I get all the good jobs…

Click to enlarge... If you dare!
A few weeks ago, they were doing this story for the Inside Cover with a comparison of how Tony Abbott would look without the "love velcro", as a co-worker put it. From what I heard, Abbott participated in some sort of 14-hour Iron Man event, in a stripey banana hammock. Yes, banana hammock. I've never had a chance to use that phrase in conversation before. Anyway, this was then put to a readers vote.

Because none of the other designers felt like spending a few days being forced to stare at the Opposition Leaders junk while photoshopping the carpet off of his chest/stomach between other jobs, the task was bestowed on me. I had to use Ian Thorpe's nipple from another picture, because the fur in that region was too dense (and I even rotated it so the shadow went in the right direction). I also cloned the water-droplet texture from a section of his shoulder, to put across his chest/stomach, to make it look more realistic.
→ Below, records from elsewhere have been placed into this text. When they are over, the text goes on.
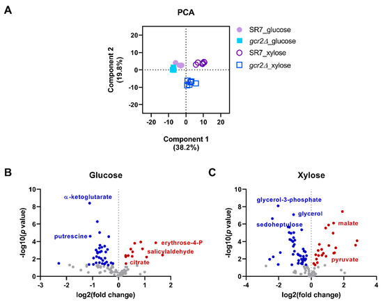 (A) Principal component analysis of S. cerevisiae metabolites. Intensities of metabolites in SR7 and SR7-gcr2Δ grown on glucose and xylose media were detected by GC-TOF MS. (B,C) Volcano plot analysis of identified metabolites on glucose (B) and xylose (C). The scatter plot shows features with fold change (x) and t-test threshold (y) of 0.05, and both values were log-transformed by 2 and 10, respectively. The red or blue dots indicate significantly increased or decreased metabolites in SR7-gcr2Δ compared with SR7 (p < 0.05), respectively.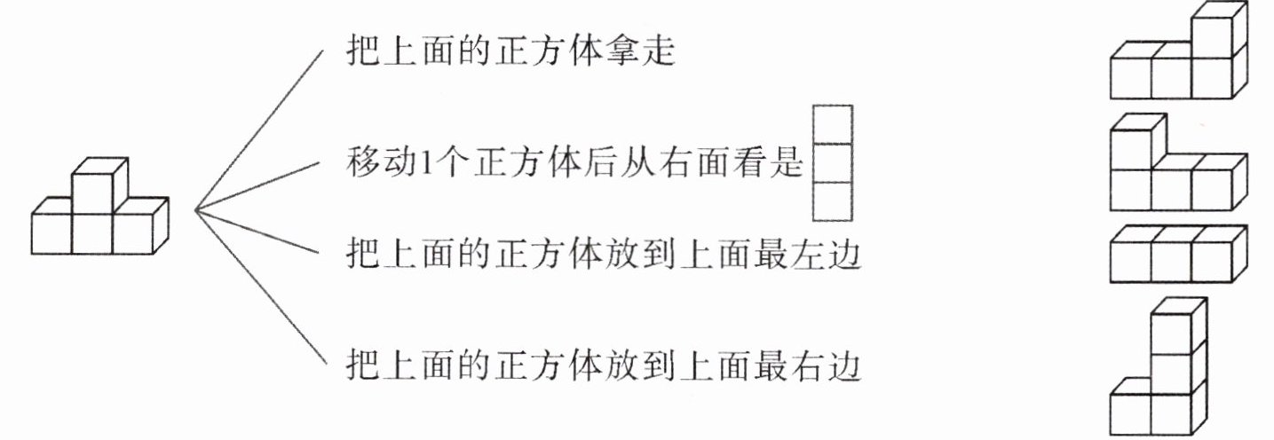 “把上面的正方体拿走”连第三幅图;“移动$1$个正方体后从右面看”连第四幅图;“把上面的正方体放到上面最左边”连第一幅图;“把上面的正方体放到上面最右边”连第二幅图。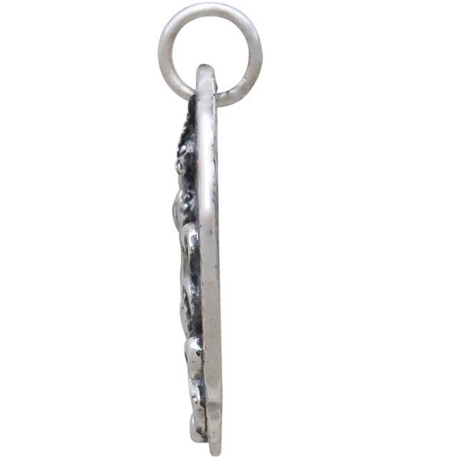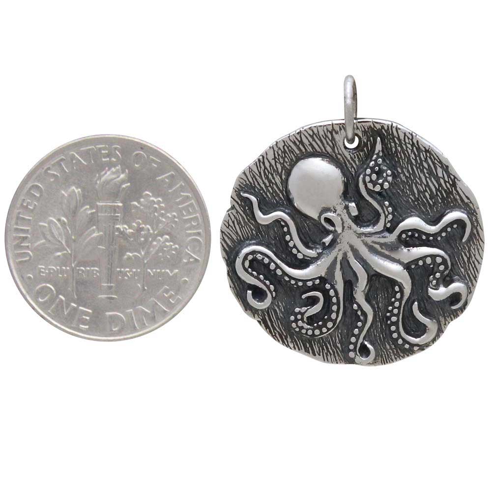 No beach jewelry line would be complete without this sterling silver octopus coin pendant. With her eight spiraling tentacles flowing around her, this graceful octopus seems to float through a seaweed forest. The octopus is born into a watery realm. And, like the water itself she is ever changing, shifting, and hypnotically wafting under the push and pull of the moon. To survive she's become a master of camouflage, notoriously fluid, intuitive and regenerative. The shape-shifting octopus reminds us nothing is as it seems. Beyond our physical plane there is a vast realm imbued with subtle wonder and shimmery brilliance. Make the octopus your talisman, and take a peek behind this veil of reality for yourself.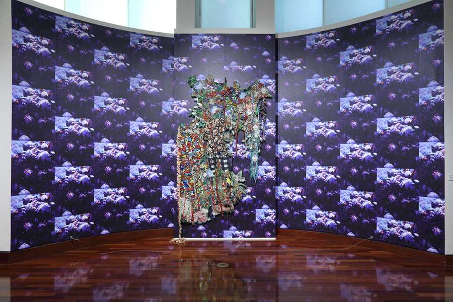 Ebony G. Patterson’s The Dream bursts with wonder. The bricolage work assembles strings of pearls, jewelry, tassels, mosaic patterns and thick, luxurious fabrics into statements about human nature, with hints of the human form, like a single hand or a swaying body, hidden throughout. Its beaded and sequined foreground revels in femininity and adornment, dancing on the tranquil field of flowers papered on the wall. But closer looks reveal a contrast of beauty with something ominous and unsettling underneath.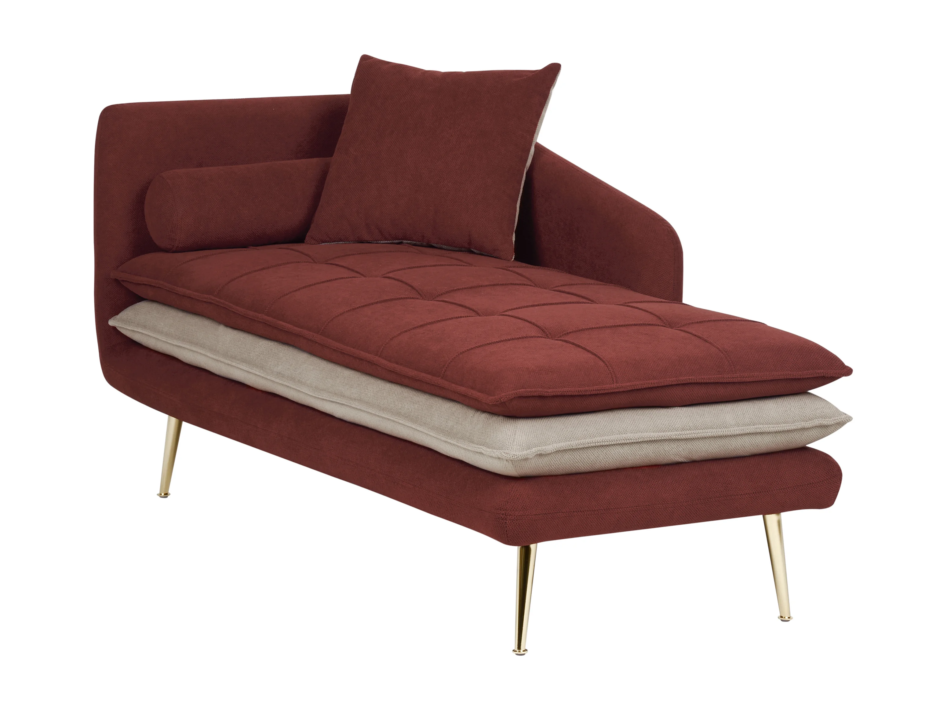Ré­ca­mi­e­re Stoffbezug rot und beige mit goldenen Beinen linksseitig Gonesse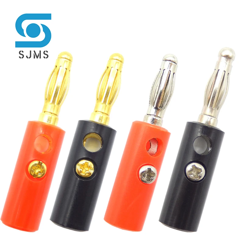 Free Shipping 10pcs 4 mm Audio Speaker Screw Banana Plug Gold Plate Plugs Connectors 4mm Test lead plug Lock screw Black Red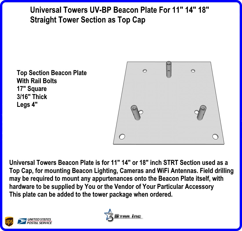 Universal Towers Beacon Plate is for 11" 14" or 18" inch STRT Section used as a Top Cap, for mounting Beacon Lighting, Cameras and WiFi Antennas. Field drilling may be required to mount any appurtenances onto the Beacon Plate itself, with hardware to be supplied by You or the Vendor of Your Particular Accessory

But when it went to print, you couldn't really see the finer details because of the stock we print on. I'm just glad I didn't have to remove his leg hair!

We do some pretty weird shit from time to time, and the public actually preferred him with the fur. I've lost faith in democracy as a result! Plus I have this image burned into my brain forever... @_@

1 comment:

  1. I just realised this would seem rather odd if people don't know I'm a graphic designer at The West Australian, and I don't normally do this sort of photoshop work for the paper. Normally it's lots of tables, business graphs and sport stuff.